Ironically, Wilder, the grandson of slaves, took the oath of office in Richmond, Virginia’s
capital and the former capital of the Confederacy. Wilder won the election in Virginia by a mere 7,000
votes in a state once the heart of the Confederacy and had once
denied him admission to its all-White schools. Later in the year, he received
the NAACP's Spingarn Medal for his lifetime achievements. He served from 1990
to 1994. A native of Richmond, Wilder, in 1951, graduated
from Virginia Union University
with a bachelor’s degree in chemistry. He later served in the Army during the
Korean War and received the Bronze Star for heroism and later attended Howard University
where he earned a law degree in 1959. A Democrat, Wilder was elected a state
senator in 1969, becoming the first Black to serve in the Virginia Legislature
since Reconstruction. He was elected lieutenant governor in 1985 making him the
highest ranking Black state official in the nation at that time, serving until
he won the governorship. He currently serves as mayor of Richmond.
1997
WWII veteran Vernon Baker is awarded the Medal of Honor at age 77.
1999
Michael Jeffrey Jordan, considered the best player to ever
play in the NBA, retires from professional basketball after thirteen seasons.
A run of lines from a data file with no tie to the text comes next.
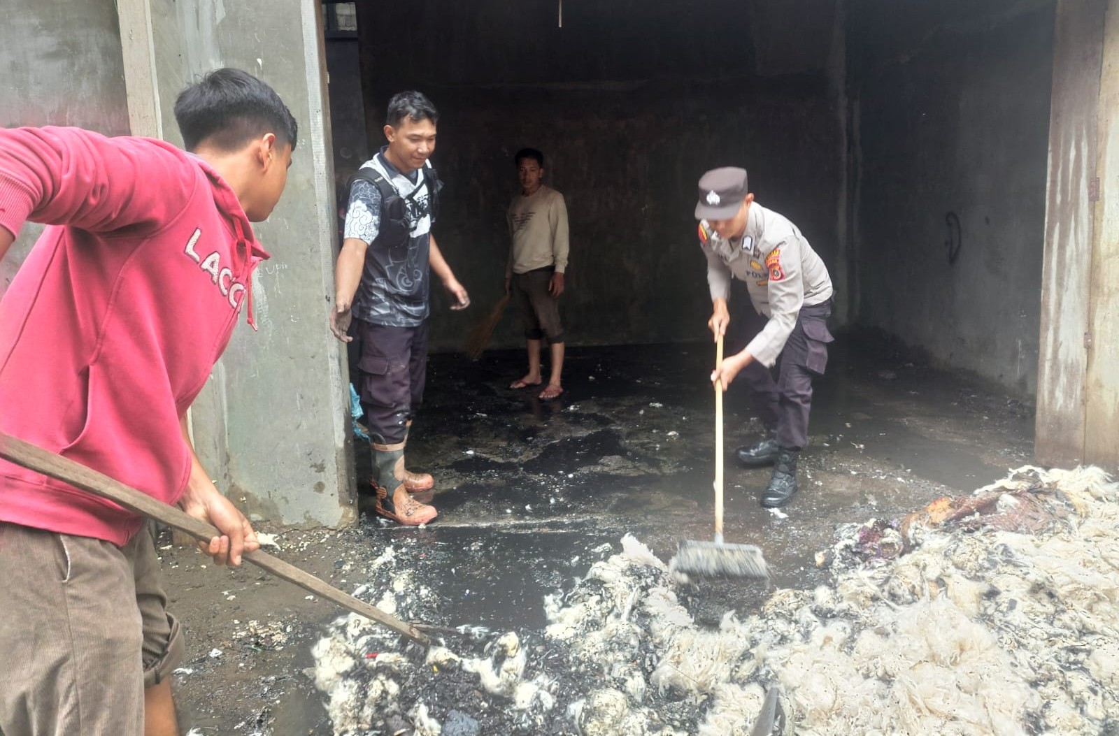 Setelah api padam, petugas TNI-Polri, Damkar, serta warga membantu membersihkan sisa material.(*)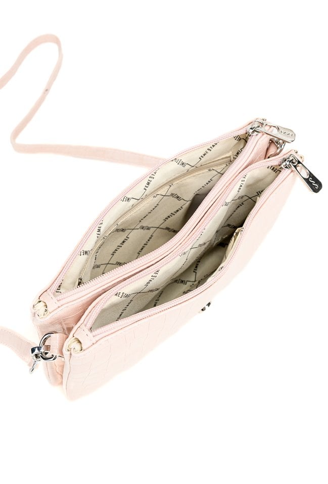 Mała torebka damska typu crossbody o wymiarach 25 × 17 × 3 cm to praktyczny dodatek na co dzień i na wyjścia. Torba jest dwukomorowa, ma jasne, logowane podszewki oraz dodatkowe kieszonki na drobiazgi, które ułatwiają organizację wnętrza. Torba zawieszona na odpinanym pasku z możliwością regulacji zapewnia wygodę noszenia na ramieniu. Torbę należy przechowywać w dołączonym woreczku.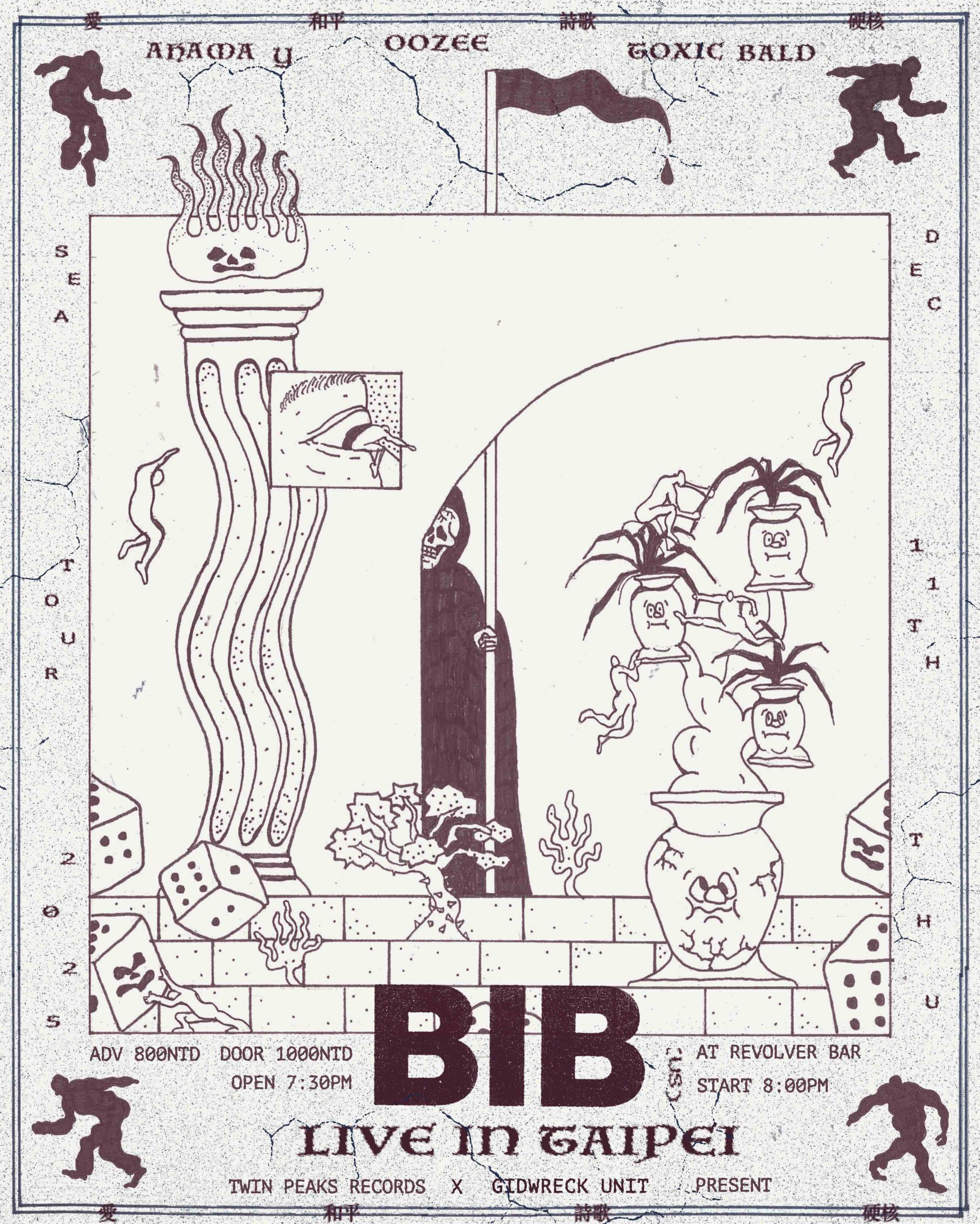 雖然這次是首次造訪亞洲,台北場景早已有與 BIB 產生共鳴的樂團,如合成器龐克 OOZEE、怪奇龐克 AHAMA Y,以及沈寂兩年後甦醒的河童鄉 Toxic Bald。他們將與 BIB 一同在 12 月 11 日邀請你在心跳加速與腿軟之間對抗寒冬。

This is the second time ‘His Airness’ has retired. He leaves the game after leading the Chicago
Bulls to six NBA championships and winning five MVP awards. Before rejoining
the NBA with the Washington Wizards, he was 3rd all-time in points
scored, 29,277, and 3rd in steals, 2,306.
2002
Charity Earley, first black commissioned officer in
the Women's Army Auxiliary Corps and commander of the only battalion of black
women who served overseas during WWII, died on this date.